Tim Eyman’s latest charge against state officialdom sounds like a bombshell.
The state’s most prolific initiative peddler e-mailed his supporters and the press last week to allege that the “Secretary of State has been perpetuating a fraud.”
Pretty strong words, even for the hyperbolic Eyman.
He claims that Sam Reed is lying when he says that referendum and initiative petitions and the names on them have long been considered public documents in this state. (Reed’s comments came in the wake of a legal challenge to the release of petitions related to Referendum 71, the effort to overturn the state’s “everything but marriage” law for same-sex couples.)
The problem is, this is a sideshow. The dispute over Washington public records law is effectively settled, as it pertains to petitions. The main show lies in federal court, and it revolves around the Constitution.
The secretary of state’s office has indeed been wrong to the extent that it has suggested the release of petitions has been standard practice in Washington. As Eyman asserts, none were released until three years ago, starting with Initiative 917 – the “Save Our $30 Tabs” measure. But the idea wasn’t to spank Eyman personally.
The secretary of state’s office in fact did not release petitions until 2006. The reason, between 1998 and 2006, appears to have been technology, not a vendetta against Eyman.
Before 2006, state archivists stored petition copies on microfilm – not digital CD-ROMs – and charged a fee of 10 cents a sheet for copies of initiative petitions, which could ring up fast. It could have cost thousands of dollars for paper copies of the petitions for a successful initiative. According to the staff, no one followed through on such an expensive request.

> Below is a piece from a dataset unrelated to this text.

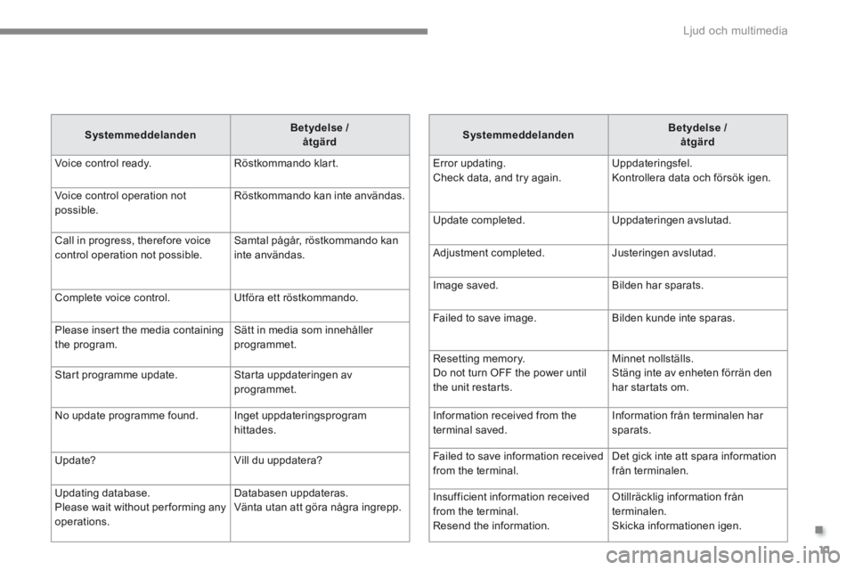 SystemmeddelandenBetydelse / åtgärd

After what seem to have been endless deliberations by state archivists, the state in 2005 finally adopted a digital standard of record storage – hence the availability of cheap, data-packed CDs in 2006.

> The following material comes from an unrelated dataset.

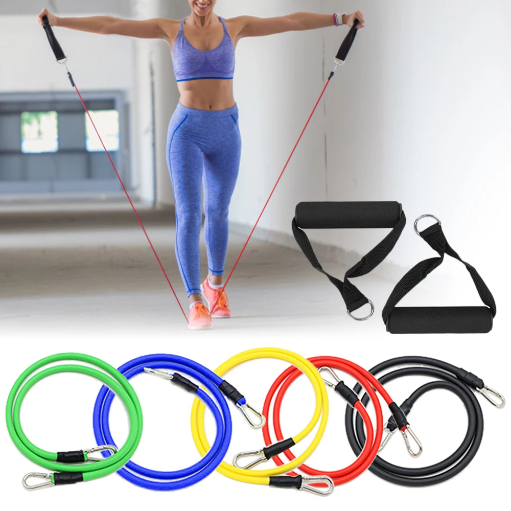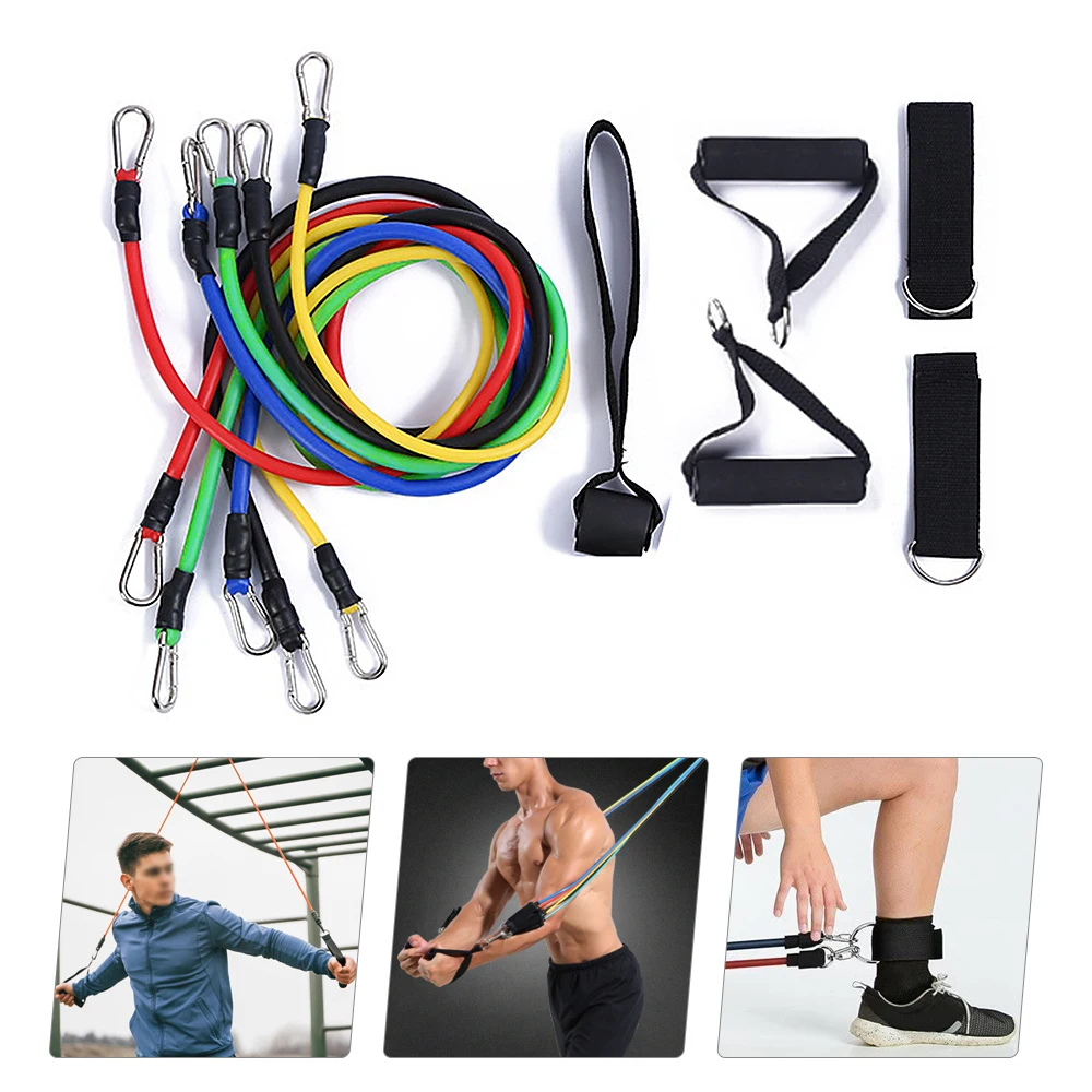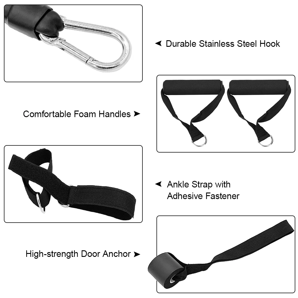 Набор браслетов для фитнеса из 11 шт. состоит из 5 различных трубки ленты, 2 мягких ручки, 1 дверной якорь, 2 ремешка на лодыжке и 1 сумка для переноски.

Another fact in Eyman’s claim: Prior to 1998 – even had anyone been willing to pay the bill – the secretary o f state’s office would not have voluntarily released petition signers’ personal information.
The reason: Reed’s predecessors read the law differently. Like Eyman, they believed the limited privacy protections in the public records act barred access to the names of those who signed initiative and referendum petitions.

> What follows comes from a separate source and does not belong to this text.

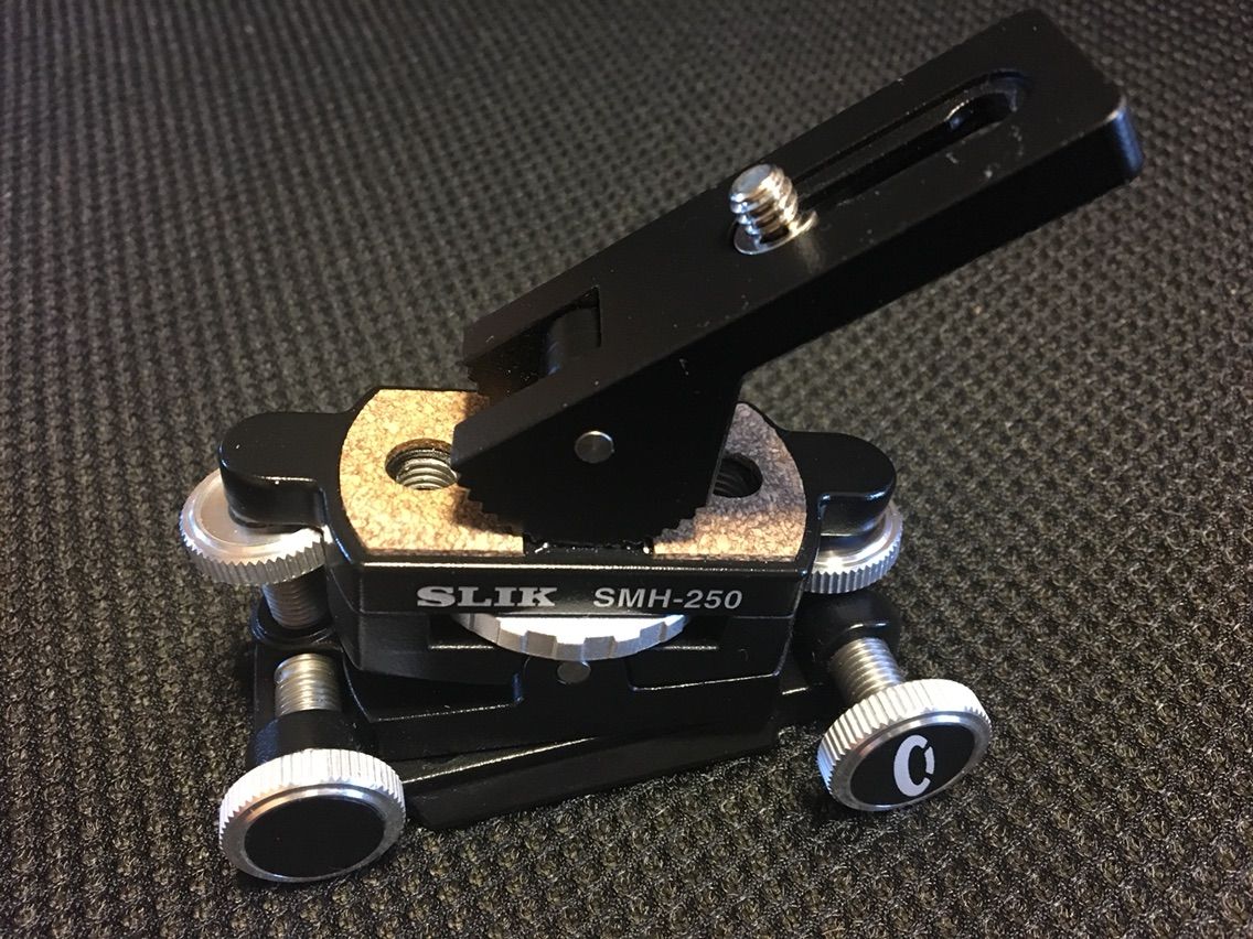 そこで,せっかく購入した結構高価な架台だったのですが使用をあきらめて,新たに,発売されたばかりの5番目の写真にあるスリックの架台を購入してこちらでも試してみることにしました。結果として,こちらの方はガタもなく,しかも精密な微調整ができて便利なことがわかりました。

A 1998 attorney general’s opinion concluded that the law all along compelled disclosure – even if earlier state officials hadn’t been following it. Washington’s open records policy clearly states that privacy concerns cannot bar the release of a government document unless the information is “highly offensive to a reasonable person” and “not of legitimate concern to the public.”
Any attempt to meet that two-prong test with referendum petitions would inevitably fail. Public disclosure of petitions and the names on them is vital to independent scrutiny of their handling and verification by government officials.
The real legal fight over the release of R-71 petitions isn’t about whether state law is being read correctly; it’s about whether that law conflicts with the First Amendment. One federal judge has already tentatively concluded that it does.
That’s got nothing to do with conspiracies against anti-tax initiatives or other shenanigans in the secretary of state’s office.